◆ What is required
Repeat the lines from the one containing "My 2 cats have" through the last line of the data, exactly, pictures omitted.

(Source records)
━━━━━━━━━━
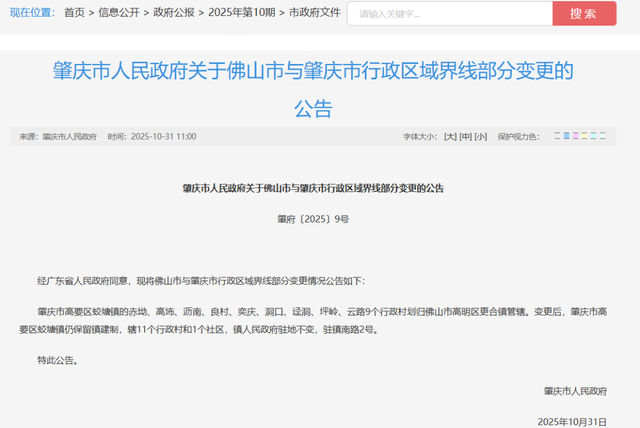 《肇庆市人民政府关于佛山市与肇庆市行政区域界线部分变更的公告》。图片来源于肇庆市人民政府官网
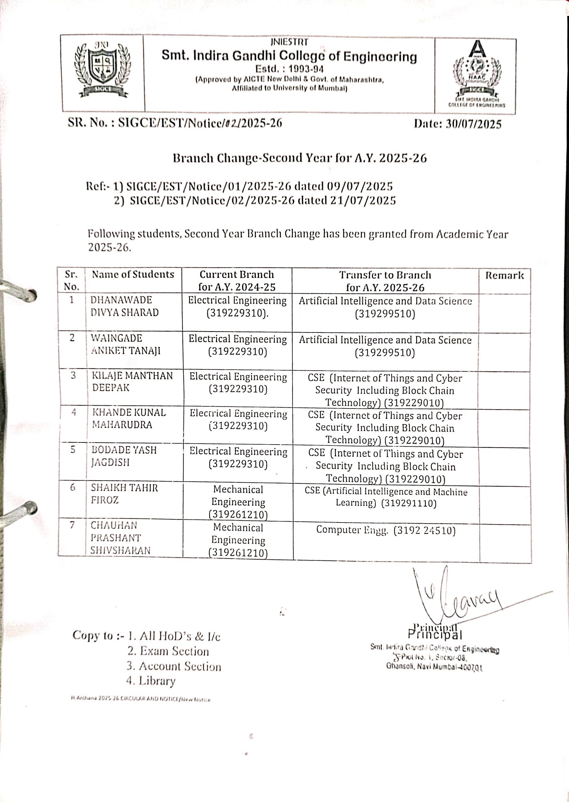 30/07/2025 | Branch Change Second Year Notice for AY.2025-26 | Click Here |
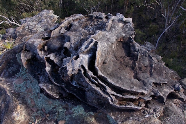 After breakfast I walked back to Asgard Swamp and a little past it to a place where it was not too far to walk to the other Asgard fire road. This short walk through the scrub was indeed very easy and on the way was a very nicely sculptured pagoda. Once on the new fire road – I followed it to the end. This was close to Valhalla Head. Close to it – but not quite there. Ahead was a track that led to a lower lookout. I then went back up to the end of the road and went out through untracked country to Valhalla Head. On the way there was a nice pagoda that offered interesting views down the Grose. Valhalla Head is a little reluctant to offer views. There are no convenient platforms on top and you need to wander down a bit to the cliffs to gain a pretty good view of the upper part of the Grose Valley.
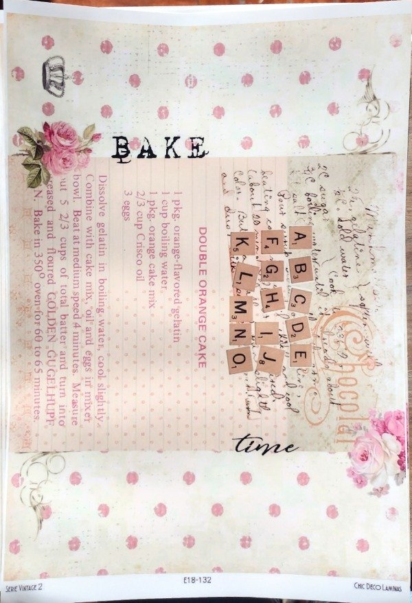Lamina de papel autoadhesivo a4, tamaño 32x23cm. Linea Cocina Vintage
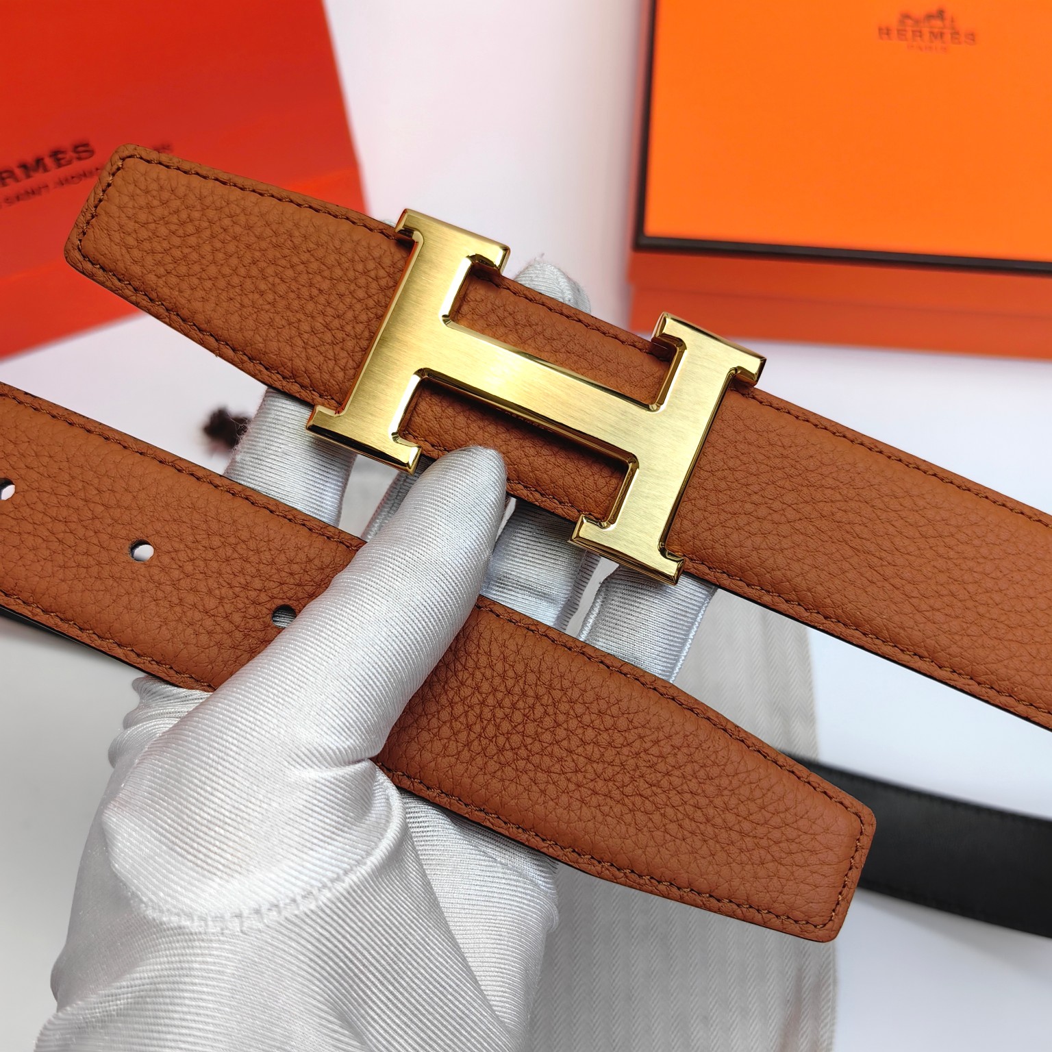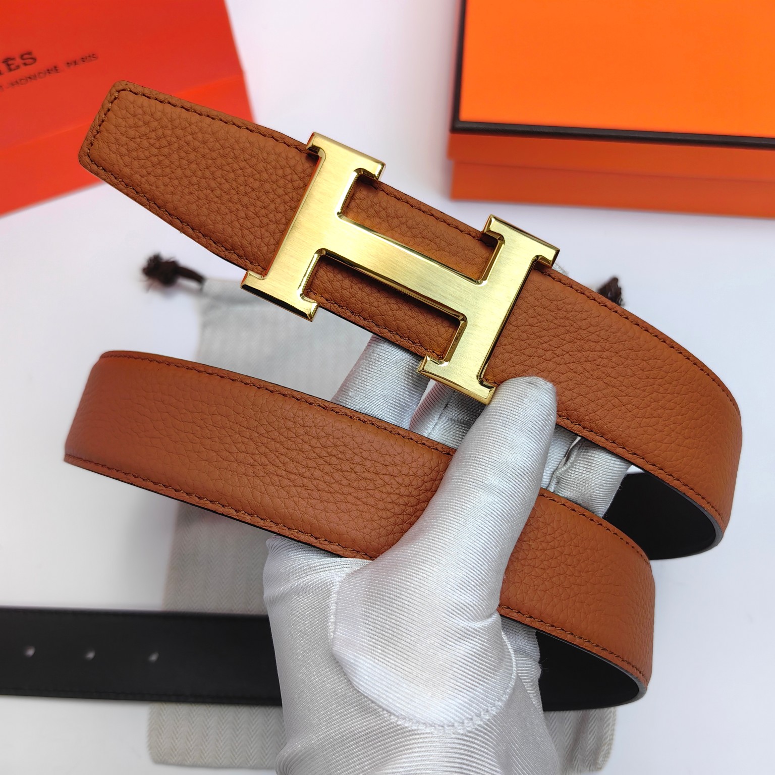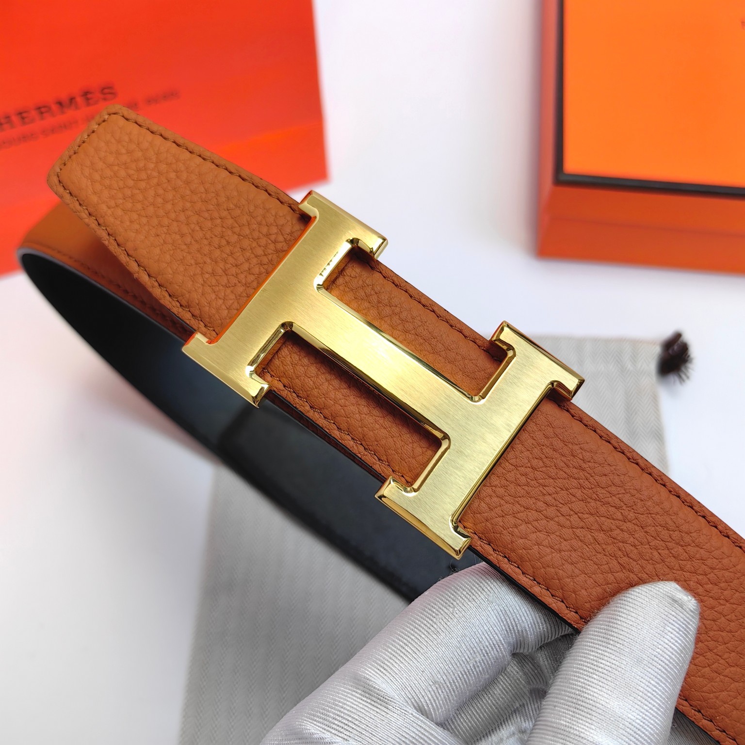 这款皮带是AAAAA 1:1 质量 (非常棒). 使用了和原版一模一样的材料. 商标部分也保持了和爱马仕/Hermes一样. 图片拍摄是实物皮带拍摄, 您所收到的实物保证和我们图片一模一样.
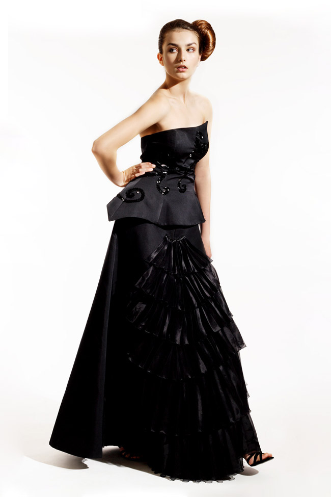 Bustier in black pure silk duchesse satin, with asymmetric peplum. Beaded and crystalized ramage at front and peplum. A-line skirt with silk organza jeweled pleated frills at front.
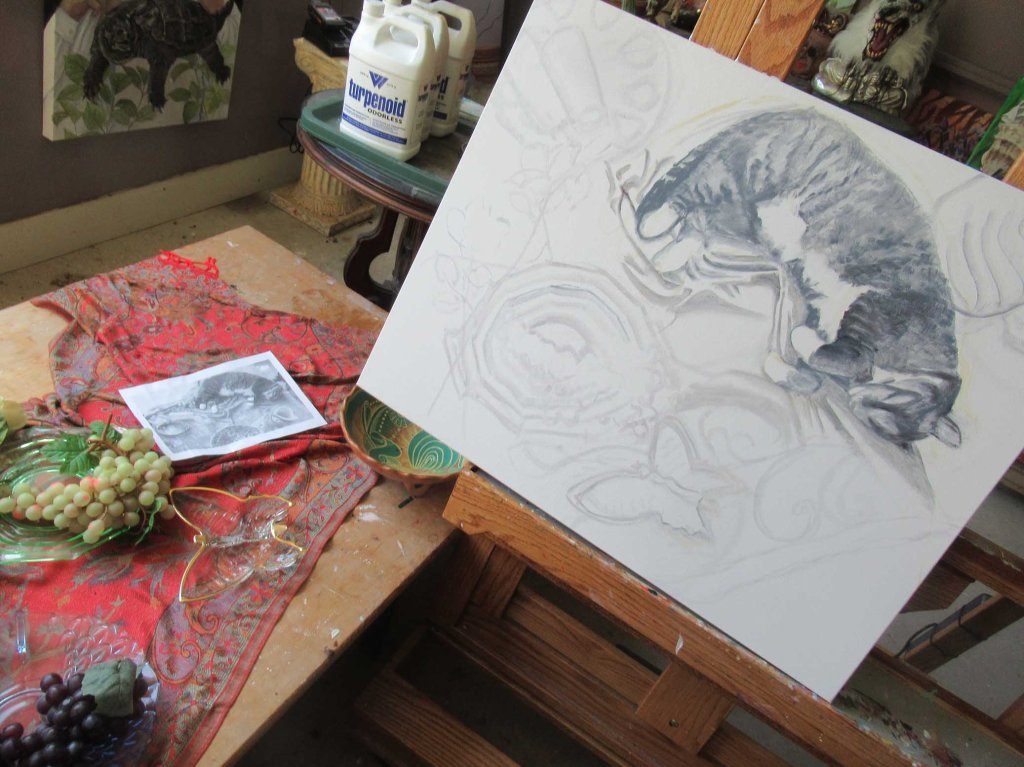 My 2 cats have a particular fondness for laying on top of my still life setups. Mr. Wonderful (the tabby) loves to rearrange things to his liking. Because we’ve had lots of rain storms here lately and the mosquitoes and deer flies are ravenous as hell, I decided it might be a good time to do another still life in the studio.
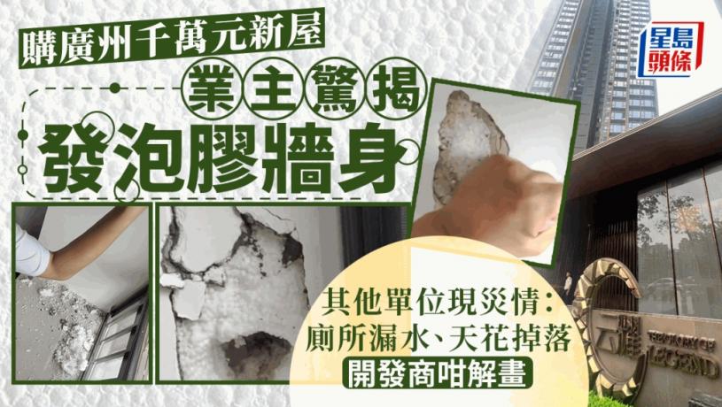 廣州近日有業主向媒體投訴,花千萬人民幣購入的新房,入住才幾個月就發現大量質量問題。除了廁所外有明顯滲水,廁所附近的牆體發霉,有出入大堂的天花板整體掉落。而最令他們擔心的是,不少業主發現房內牆體竟是用大塊的發泡膠填充,「這樣不會有安全問題嗎?」
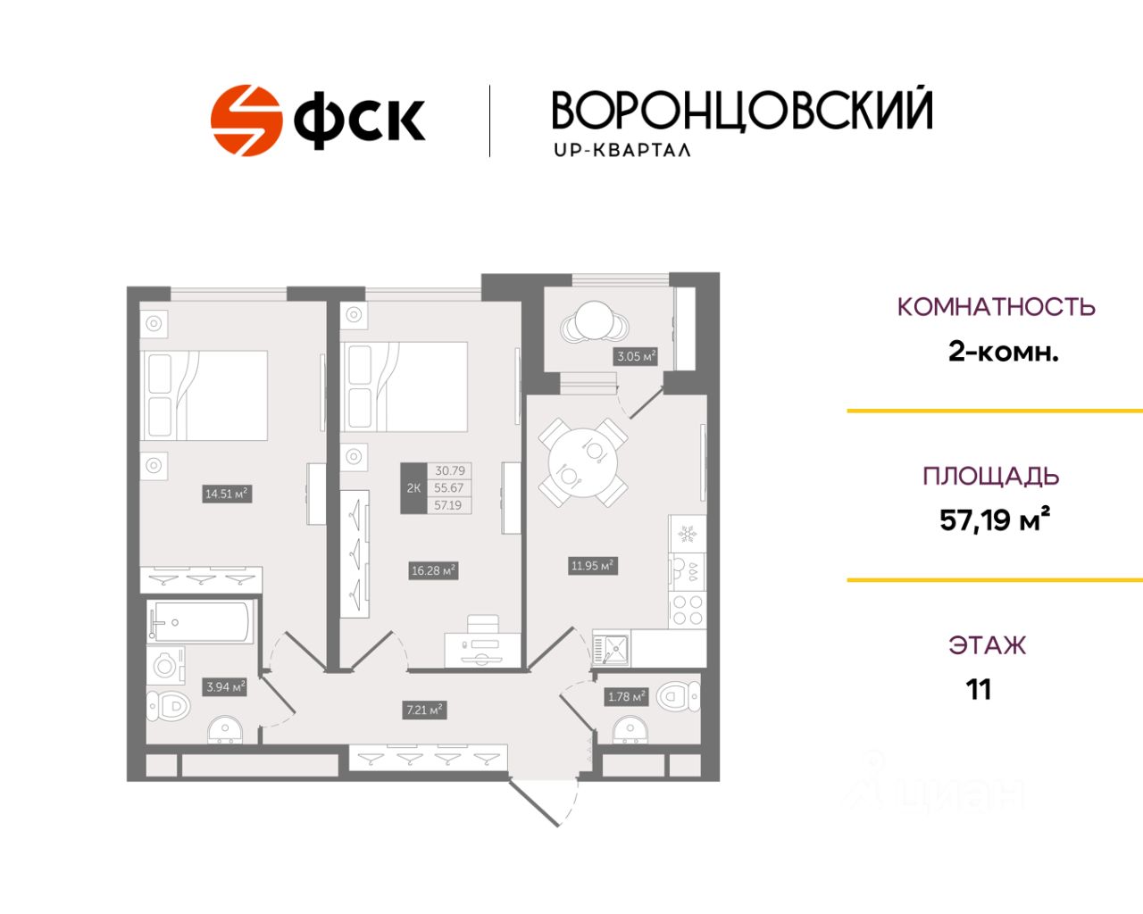 Цена со скидкой до 30% в прямой продаже от застройщика — только в этом месяце. Беспроцентная рассрочка. 2-к квартира в ЖК UP-квартал "Воронцовский" на 11-м этаже. Общая площадь 57,19. Чистовая отделка.
━━━━━━━━━━
◆ Task answer
 My 2 cats have a particular fondness for laying on top of my still life setups. Mr. Wonderful (the tabby) loves to rearrange things to his liking. Because we’ve had lots of rain storms here lately and the mosquitoes and deer flies are ravenous as hell, I decided it might be a good time to do another still life in the studio.
 廣州近日有業主向媒體投訴,花千萬人民幣購入的新房,入住才幾個月就發現大量質量問題。除了廁所外有明顯滲水,廁所附近的牆體發霉,有出入大堂的天花板整體掉落。而最令他們擔心的是,不少業主發現房內牆體竟是用大塊的發泡膠填充,「這樣不會有安全問題嗎?」
 Цена со скидкой до 30% в прямой продаже от застройщика — только в этом месяце. Беспроцентная рассрочка. 2-к квартира в ЖК UP-квартал "Воронцовский" на 11-м этаже. Общая площадь 57,19. Чистовая отделка.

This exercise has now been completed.